→ WHAT TO DO: Could you restate word for word the lines running from the one with "本报记者 戴伟 摄 |" to the end of the data, both ends included, but without pictures?

+===+

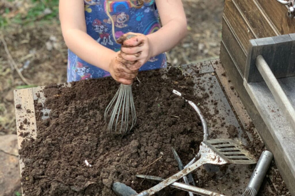 You can even give them other mud-friendly kitchen toys, like this Bubble Whisk. They can use this to “scramble” the mud or mix it with more water to make mud soup. Would your child enjoy pretending to be a chef?
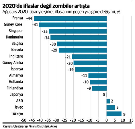 IIF verilerine göre dünya genelinde iflaslar bu yıl geçen yıla göre düşüş kaydetti. Axios’un IIF verilerinden derlediği 9 Ekim tarihli analizinde, COVID-19 önlemlerinin iflasları nasıl teknik olarak engellediğine ve bir iflas krizini ötelediğine dikkat çekiliyor. Verilere göre özellikle Fransa, Güney Kore, Singapur, Danimarka ve Belçika’da önlemler bu yıl Ağustos 2020 itibariyle gerçekleşen iflas sayısını %30 ila 44 azalttı.
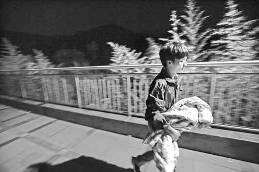| 11日晚间,一名男子怀抱婴儿匆匆走向安全岛。 本报记者 戴伟 摄 |
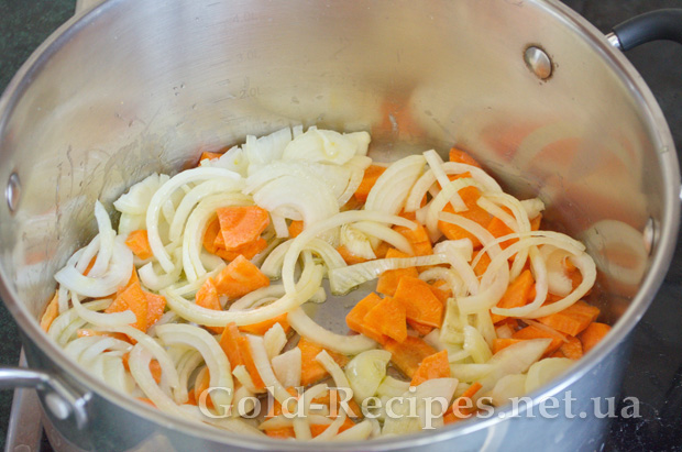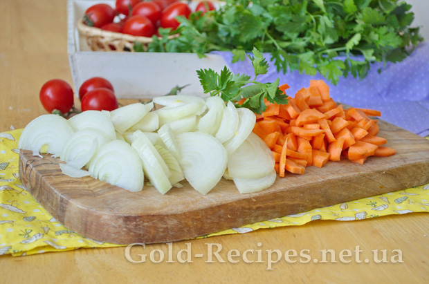 Цибулю і моркву для супу нарізаємо довільно, приблизно як у мене на фото.
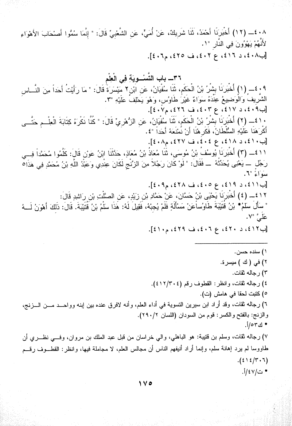 (¬7) رجاله ثقات، وسلم بن قتيبة: هو الباهلي، والي خراسان من قبل عبد الملك بن مروان، وفي نظري أن طاووسا لم يرد إهانة سلم، وإنما أراد أنيفهم الناس أن مجالس العلم، لا مجاملة فيها، وانظر: القطوف رقم (306/ 414).
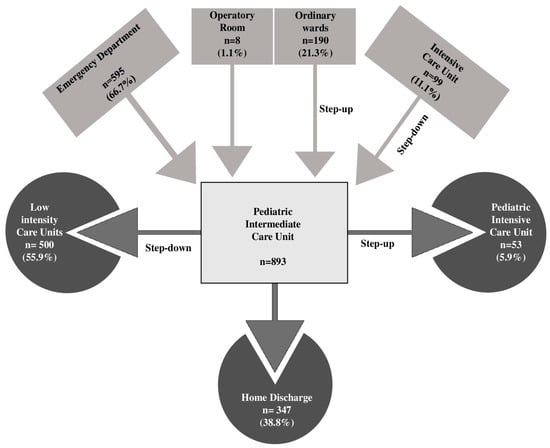 PIMCU receives acute patients from the ED, patients from general pediatric wards or other regional pediatric hospitals requiring care intensification, post-surgical patients from the operating rooms, and children from the PICU as the initial step-down phase of care. When clinical stability is achieved, children are transferred to general wards or may be directly discharged home in case of rapid clinical improvement. Conversely, children who develop clinical deterioration are admitted to the PICU. The admission and discharge criteria for both PIMCU and PICU were developed with input from multiple stakeholders and reflect the availability of resources, clinical experience, and guidance from the American Academy of Pediatrics document on the structuring of PIMCUs [3]. (Supplementary Materials Document S1 [21,22,23]). The category “Surgical/orthopaedical” included both patients who underwent surgery and those with a surgical or orthopedic condition who did not require an operation.
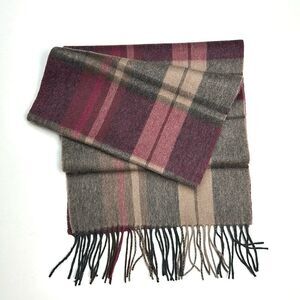 NWOT Nordstrom Men’s Wool Scarf Taupe and Wine Berry Plaid Excellent

+===+

→ WRITTEN ANSWER:
| 11日晚间,一名男子怀抱婴儿匆匆走向安全岛。 本报记者 戴伟 摄 |
 Цибулю і моркву для супу нарізаємо довільно, приблизно як у мене на фото.
 (¬7) رجاله ثقات، وسلم بن قتيبة: هو الباهلي، والي خراسان من قبل عبد الملك بن مروان، وفي نظري أن طاووسا لم يرد إهانة سلم، وإنما أراد أنيفهم الناس أن مجالس العلم، لا مجاملة فيها، وانظر: القطوف رقم (306/ 414).
 PIMCU receives acute patients from the ED, patients from general pediatric wards or other regional pediatric hospitals requiring care intensification, post-surgical patients from the operating rooms, and children from the PICU as the initial step-down phase of care. When clinical stability is achieved, children are transferred to general wards or may be directly discharged home in case of rapid clinical improvement. Conversely, children who develop clinical deterioration are admitted to the PICU. The admission and discharge criteria for both PIMCU and PICU were developed with input from multiple stakeholders and reflect the availability of resources, clinical experience, and guidance from the American Academy of Pediatrics document on the structuring of PIMCUs [3]. (Supplementary Materials Document S1 [21,22,23]). The category “Surgical/orthopaedical” included both patients who underwent surgery and those with a surgical or orthopedic condition who did not require an operation.
 NWOT Nordstrom Men’s Wool Scarf Taupe and Wine Berry Plaid Excellent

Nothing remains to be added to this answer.